In this case, if the position was closed with a profit, then it was closed at take profit. Otherwise, it was closed at stop loss. In the appropriate field, indicate the closing price.
The opposite field remains empty.

      deal.OpenTime = open_time;
      deal.CloseTime = close_time;
      deal.OpenPrice = open_price;
      deal.Volume = volume;
      deal.point = point;
      if(type == "Sell")
        {
         deal.Type = POSITION_TYPE_SELL;
         if(close_price < open_price)
           {
            deal.TakeProfit = close_price;
            deal.StopLos = 0;
           }
         else
           {
            deal.TakeProfit = 0;
            deal.StopLos = close_price;
           }
        }
      else
        {
         deal.Type = POSITION_TYPE_BUY;
         if(close_price > open_price)
           {
            deal.TakeProfit = close_price;
            deal.StopLos = 0;
           }
         else
           {
            deal.TakeProfit = 0;
            deal.StopLos = close_price;
           }
        }

I fully understand the risks of trading without stop losses, but at the same time I expect this to be minimized during downstream training of the model.

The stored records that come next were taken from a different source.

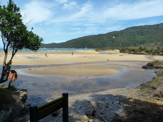Voller Vorfreude auf neue Entdeckungen warteten wir auf schoenes Wetter um eine 2-Tagestour im Abel Tasman National Park zu machen. Wir fuhren mit dem Boot nach Awaroa, wo wir an einem einsamen Strand ausgesetzt wurden und zuerstmal den Weg suchen mussten.
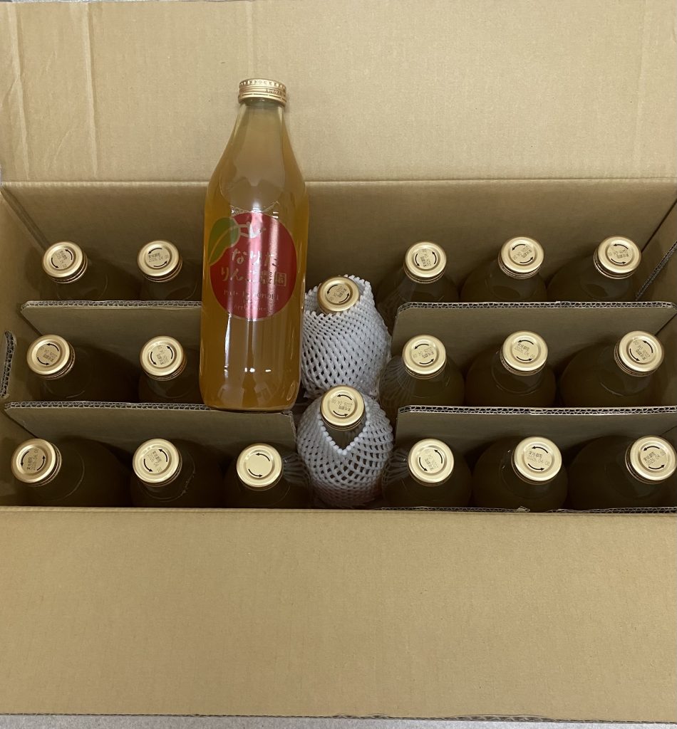 弘前市のなりたりんご農園様より、りんごジュース1ケース(21本)を寄付していただきました。
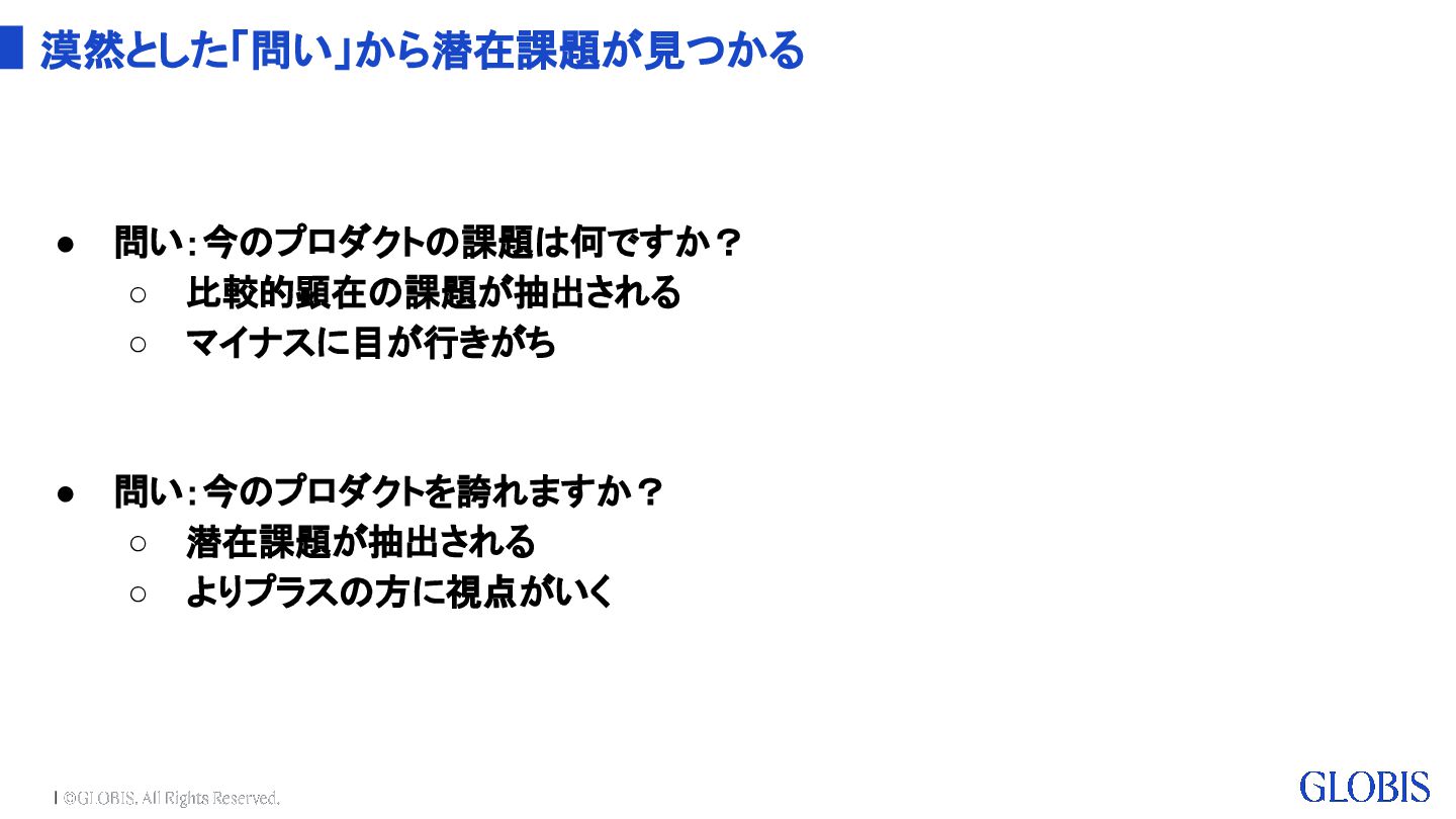 漠然とした「問い」から潜在課題が見つかる • 問い:今のプロダクトの課題は何ですか? ◦ 比較的顕在の課題が抽出される ◦ マイナスに目が行きがち • 問い:今のプロダクトを誇れますか? ◦

We add the created deal description to a dynamic array and move on to the next iteration of the loop.

      ResetLastError();
      if(!Deals.Add(deal))
        {
         PrintFormat("Error of add new deal: %d", GetLastError());
         return false;
        }
     }

After reaching the end of the file, we close it and exit the method with the result true.

   FileClose(handle);
//---
   return true;
  }

The algorithm for generating the Agent's action vector is quite simple. We go through the entire array of deals and call the appropriate methods for each deal.

vector<float> CDeals::Action(datetime current, double ask, double bid, int period_seconds)
  {
   vector<float> result = vector<float>::Zeros(NActions);
   for(int i = 0; i < Deals.Total(); i++)
     {
      CDeal *deal = Deals.At(i);
      if(!deal)
         continue;
      vector<float> action = deal.Action(current, ask, bid, period_seconds);

However, there are some nuances. We assume that in the history of a signal several positions can be opened simultaneously, including those in different directions. Therefore, we need to add up the vectors obtained from all deals from the archive. But we can only add volumes. Simply adding stop loss and take profit levels will be incorrect. Remember that in the Agent's action vector, stop loss and take profit are specified as shift in relative units from the current price. Thus, when adding the vectors for the stop loss and take profit levels, we take the maximum deviation. Volumes that were not closed on time will be closed by the EA at the opening of a new candlestick, since in this case we expect a decrease in the total volume of the total position.

      result[0] += action[0];
      result[3] += action[3];
      result[1] = MathMax(result[1], action[1]);
      result[2] = MathMax(result[2], action[2]);
      result[4] = MathMax(result[4], action[4]);
      result[5] = MathMax(result[5], action[5]);
     }
//---
   return result;
  }

We pass the final vector of Agent actions to the calling program and terminate the method.

With this we complete the preparatory work and move on to working on the Expert Advisor "...\RealORL\ResearchRealORL.mq5". This EA was created on the basis of the previously discussed EAs "...\...\Research.mq5" and thus it inherited their construction template. It also inherited all external parameters.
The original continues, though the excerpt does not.